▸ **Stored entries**
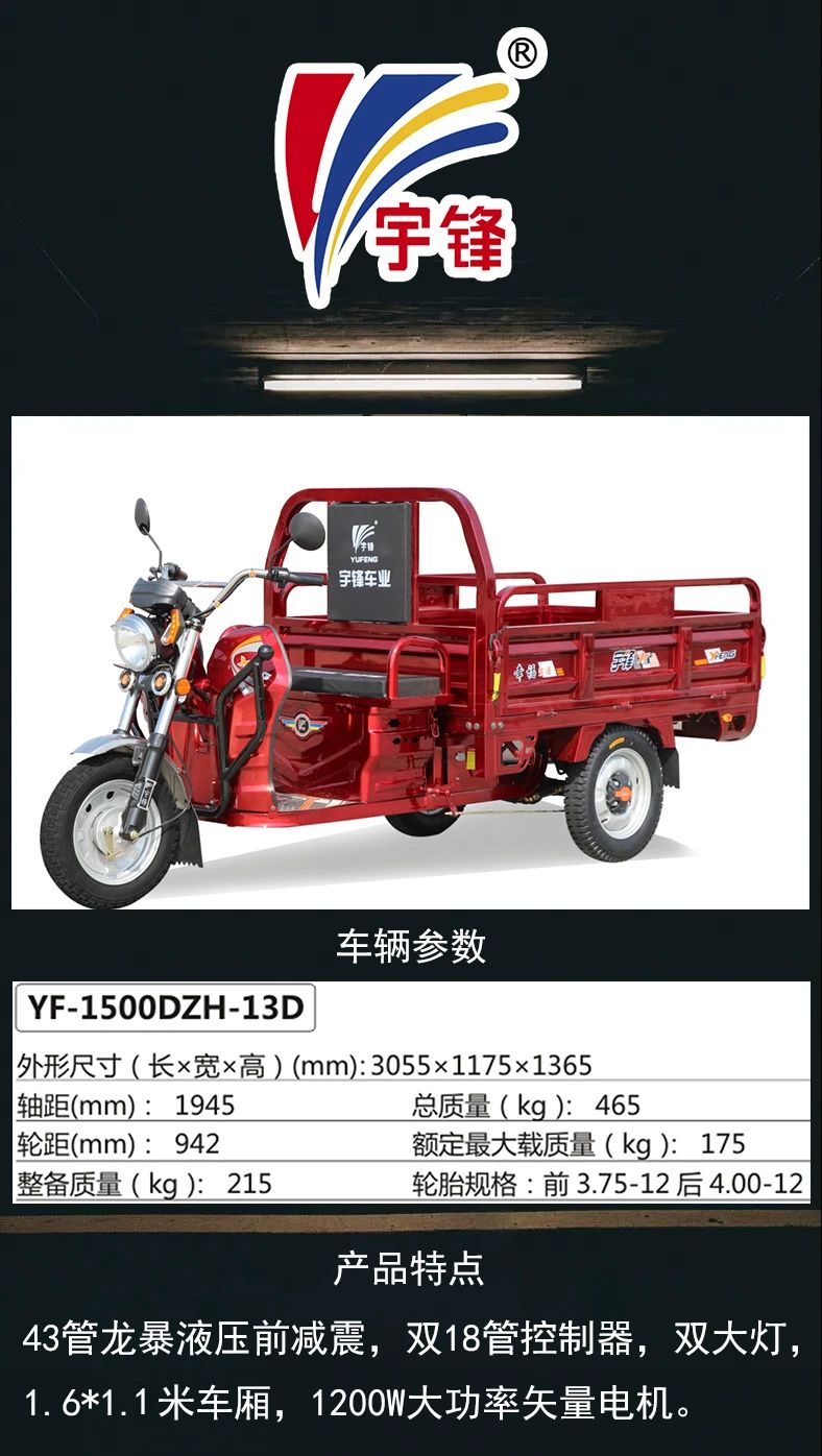 【评论】公告车13D由于其车型大小适中,1.6米的车厢长度,是三轮车行业的最常见通用车型,和12D(1.3米锋泰,三开门车型)形成完美的搭配,本车具有动力强、通用性好、车厢加筋加固、安全系数高和驾乘方便的几个特色,深受终端消费者的好评,也是一款性价比非常高的一款通用车型。
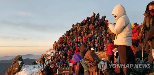 This file photo provided by a national park authority shows crowds waiting for the year’s first sunrise on top of Mount Jiri in southwestern South Korea on Jan. 1, 2020. (PHOTO NOT FOR SALE) (Yonhap)
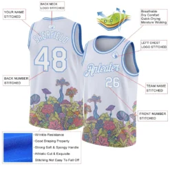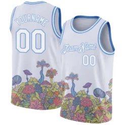 Custom White Light Blue 3D Pattern Design Colorful Flowers And Mushrooms Psychedelic Hallucination Authentic Basketball Jersey
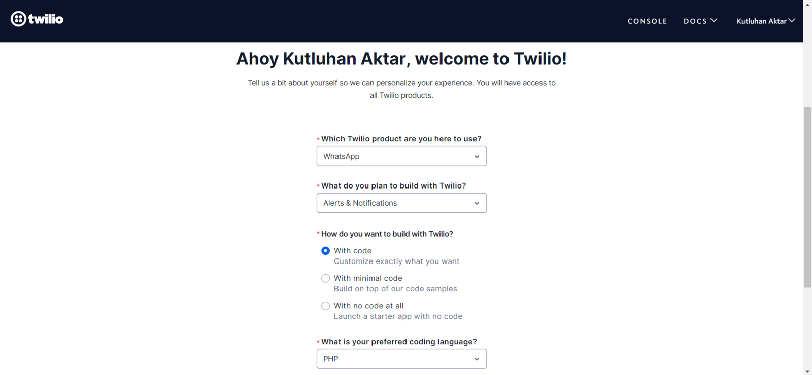 To get notification messages over WhatsApp, I utilized Twilio’s API for WhatsApp. Twilio gives the user a simple and reliable way to send WhatsApp messages to a verified phone number free of charge. Also, Twilio provides official helper libraries for different programming languages, including PHP. :hash: First of all, sign up for Twilio and create a new free trial account (project).
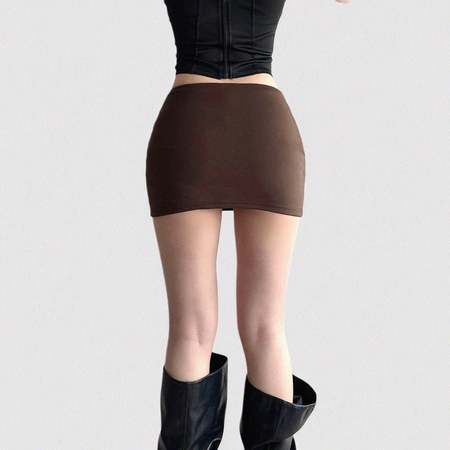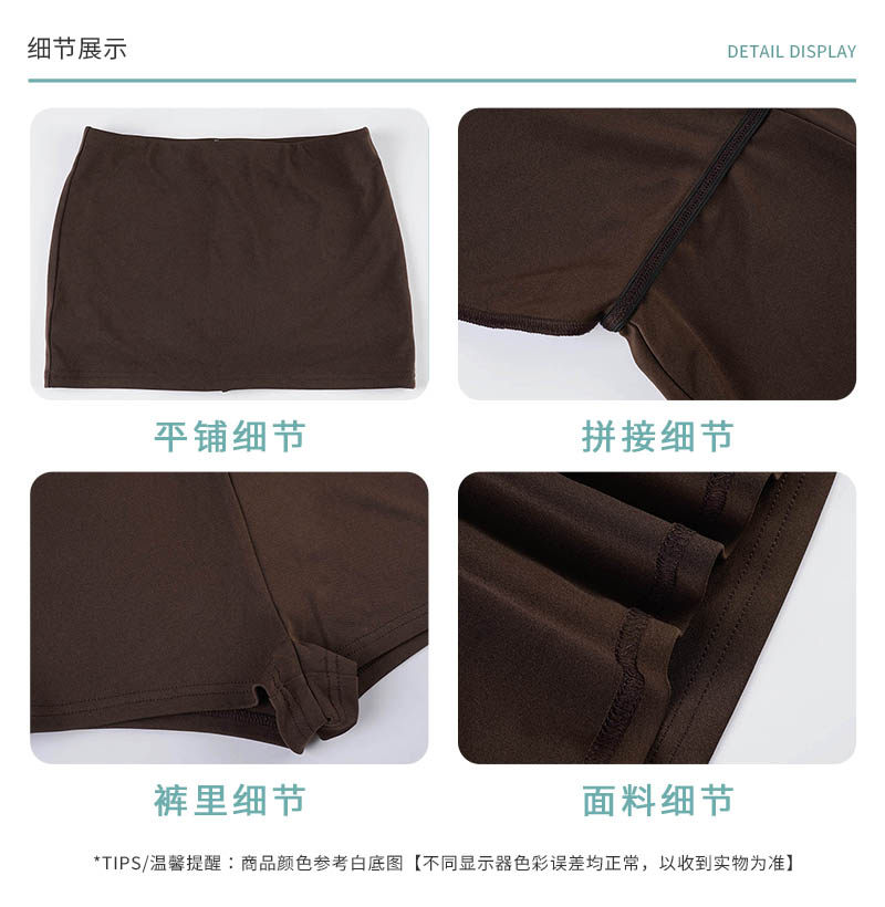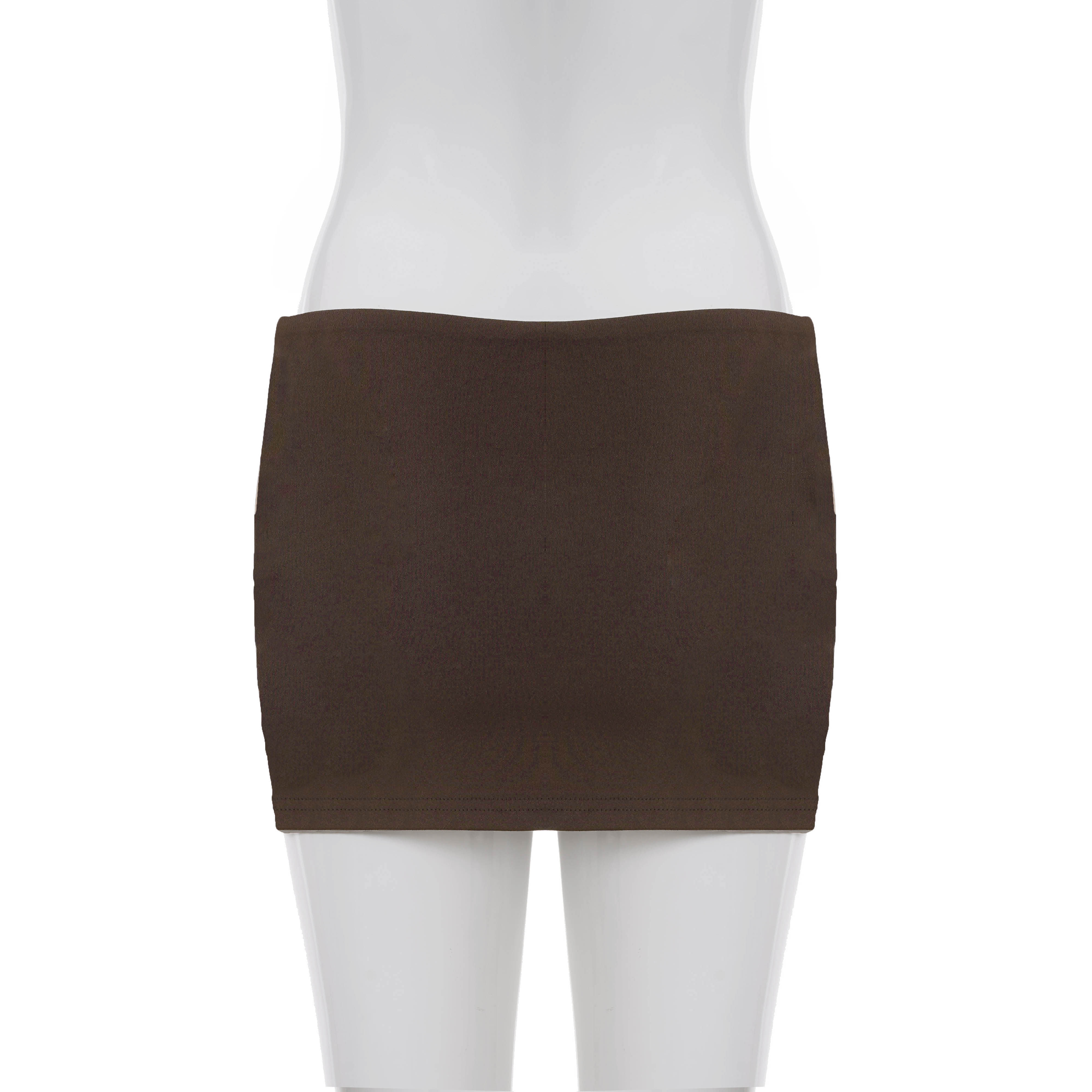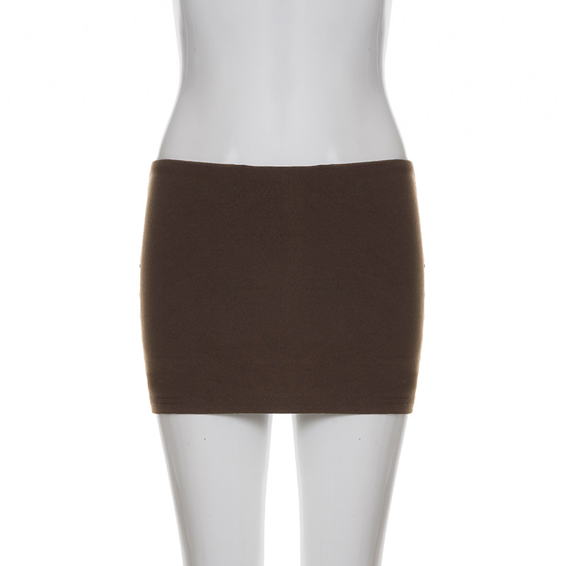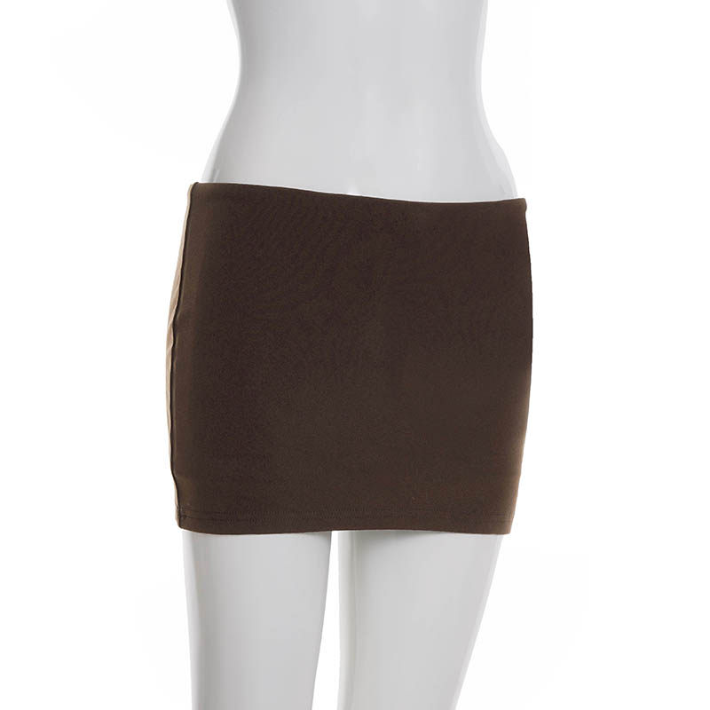 Funoff American Retro Brown One-Piece Hip-Hugging Low-Waist Short Skirt Sexy Simple Pure Color Basic Skirt
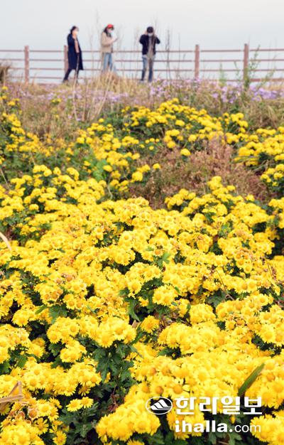 16일 제주시 구좌읍 종달리 해안 일대에 노란 들국화가 만개해 관광객들에게 익어가는 제주의 가을향기를 한껏 전해주고 있다. 강희만기자

▸ **WORK TO BE COMPLETED**
An answer containing only the lines from the one holding "Custom White Light" through the close of the entries above, reproduced exactly and stripped of pictures, is expected.

▸ **FINAL ANSWER**
 Custom White Light Blue 3D Pattern Design Colorful Flowers And Mushrooms Psychedelic Hallucination Authentic Basketball Jersey
 To get notification messages over WhatsApp, I utilized Twilio’s API for WhatsApp. Twilio gives the user a simple and reliable way to send WhatsApp messages to a verified phone number free of charge. Also, Twilio provides official helper libraries for different programming languages, including PHP. :hash: First of all, sign up for Twilio and create a new free trial account (project).
 Funoff American Retro Brown One-Piece Hip-Hugging Low-Waist Short Skirt Sexy Simple Pure Color Basic Skirt
 16일 제주시 구좌읍 종달리 해안 일대에 노란 들국화가 만개해 관광객들에게 익어가는 제주의 가을향기를 한껏 전해주고 있다. 강희만기자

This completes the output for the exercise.